*Entries shown*
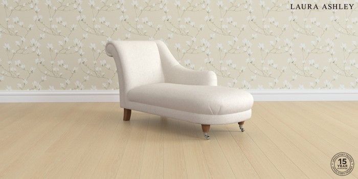 7.3.1 Buy Gloucester by Laura Ashley Chaise Longue Right Hand Anneliese Oyster Natural Low Chrome Castor - Teak from the Seasons online shop Click here to use our website with more accessibility support, for example screen readers
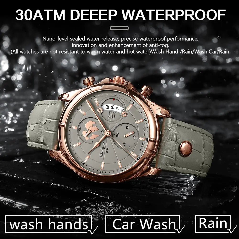 - Funções Avançadas: Cronógrafo, calendário perpétuo e ponteiros luminosos, ideais para quem busca praticidade e estilo.
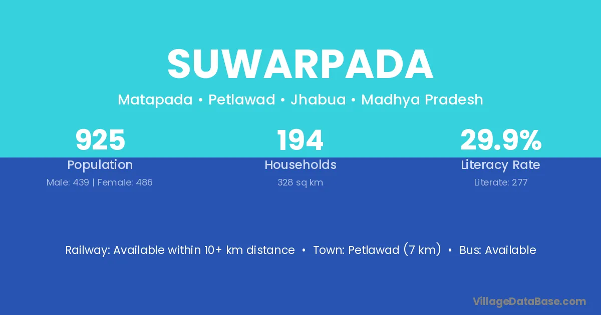 Petlawad (7 km) is the nearest town to Suwarpada village for major economic activities and is located approximately 7 km away.
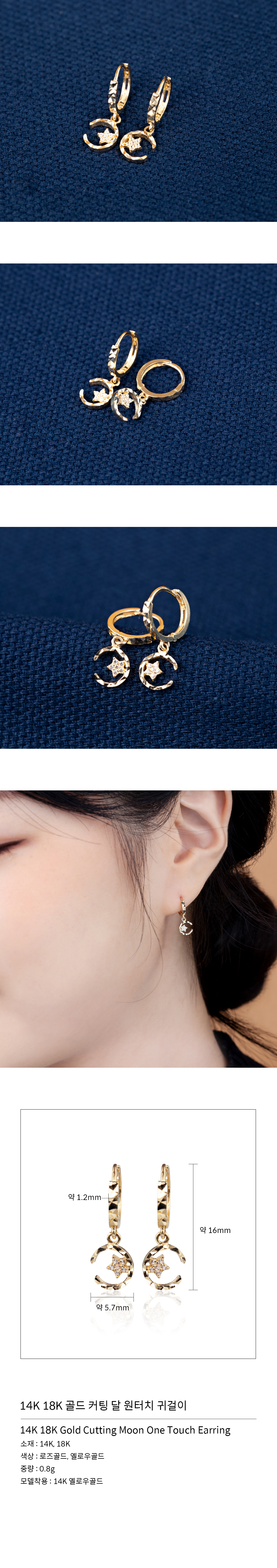 home > 귀걸이 > 14K 18K 골드 커팅 달 원터치 귀걸이
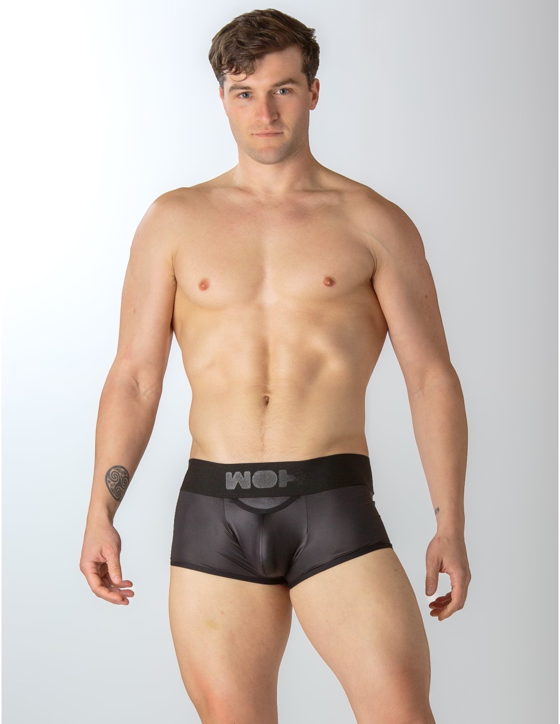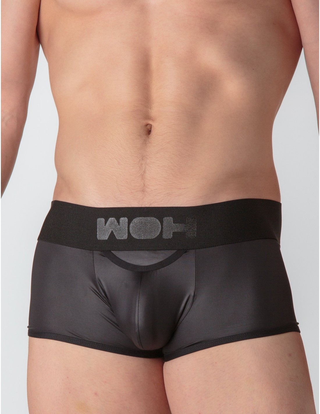 Black leatherette trunks in a short, tight-fitting silhouette with a wide, woven waistband and a silicone printed logo and the trademark WOH "smile" fly at the front.
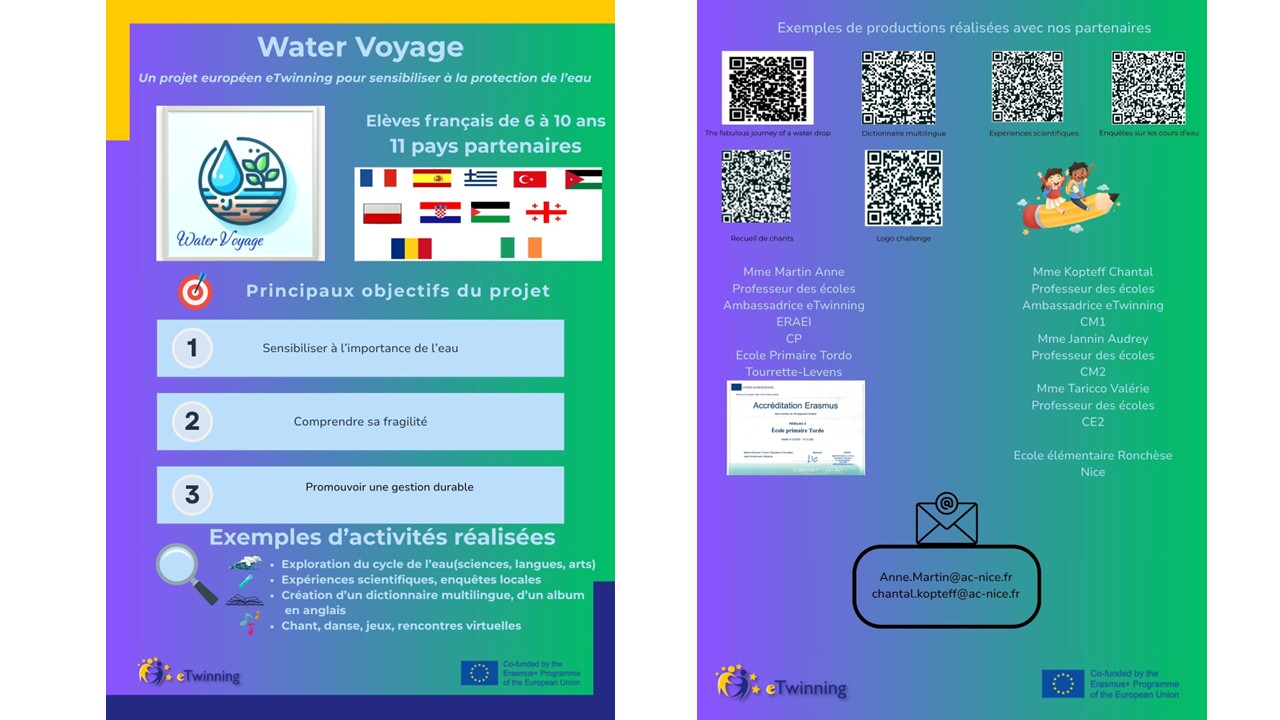Le projet eTwinning « Water Voyage » rassemble des élèves de primaire (entre 7 à 15 ans) de 12 pays pour les sensibiliser l’importance de l’eau, à sa fragilité et aux enjeux de sa gestion durable, tout en renforçant leurs compétences linguistiques, numériques et leur ancrage territorial.
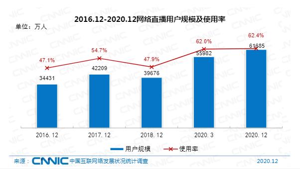 截至2020年12月,我國網(wǎng)絡(luò)直播用戶規(guī)模達(dá)6.17億,較2020年3月增長5703萬,占網(wǎng)民整體的62.4%。其中,電商直播用戶規(guī)模為3.88億,較2020年3月增長1.23億,占網(wǎng)民整體的39.2%。此外,真人秀直播和演唱會直播用戶數(shù)較2020年3月均有所增長,占比分別為24.2%和19.2%;游戲直播和體育直播用戶數(shù)較2020年3月均減少,占比分別為19.3%和13.9%。
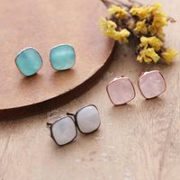Polished Square-Shaped Gemstone Stud Earrings Set of 3 'Heavenly Feelings' Item ID: 2669942074
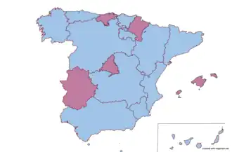 As of 2021, a total of 7 autonomous communities have never had a woman as president. Those regions are: Asturias, the Basque Country, the Canary Islands, Castile and León, Catalonia, Galicia and the Valencian Community and the two autonomous cities of Ceuta and Melilla. Only one autonomous community (Castile and León) has never seen a major party nominate a woman in a regional election.

*What you will do*
All of the lines above must be repeated without alteration, though the pictures are to be excluded.

*Solution below*
 7.3.1 Buy Gloucester by Laura Ashley Chaise Longue Right Hand Anneliese Oyster Natural Low Chrome Castor - Teak from the Seasons online shop Click here to use our website with more accessibility support, for example screen readers
 - Funções Avançadas: Cronógrafo, calendário perpétuo e ponteiros luminosos, ideais para quem busca praticidade e estilo.
 Petlawad (7 km) is the nearest town to Suwarpada village for major economic activities and is located approximately 7 km away.
 home > 귀걸이 > 14K 18K 골드 커팅 달 원터치 귀걸이
 Black leatherette trunks in a short, tight-fitting silhouette with a wide, woven waistband and a silicone printed logo and the trademark WOH "smile" fly at the front.
Le projet eTwinning « Water Voyage » rassemble des élèves de primaire (entre 7 à 15 ans) de 12 pays pour les sensibiliser l’importance de l’eau, à sa fragilité et aux enjeux de sa gestion durable, tout en renforçant leurs compétences linguistiques, numériques et leur ancrage territorial.
 截至2020年12月,我國網(wǎng)絡(luò)直播用戶規(guī)模達(dá)6.17億,較2020年3月增長5703萬,占網(wǎng)民整體的62.4%。其中,電商直播用戶規(guī)模為3.88億,較2020年3月增長1.23億,占網(wǎng)民整體的39.2%。此外,真人秀直播和演唱會直播用戶數(shù)較2020年3月均有所增長,占比分別為24.2%和19.2%;游戲直播和體育直播用戶數(shù)較2020年3月均減少,占比分別為19.3%和13.9%。
Polished Square-Shaped Gemstone Stud Earrings Set of 3 'Heavenly Feelings' Item ID: 2669942074
 As of 2021, a total of 7 autonomous communities have never had a woman as president. Those regions are: Asturias, the Basque Country, the Canary Islands, Castile and León, Catalonia, Galicia and the Valencian Community and the two autonomous cities of Ceuta and Melilla. Only one autonomous community (Castile and León) has never seen a major party nominate a woman in a regional election.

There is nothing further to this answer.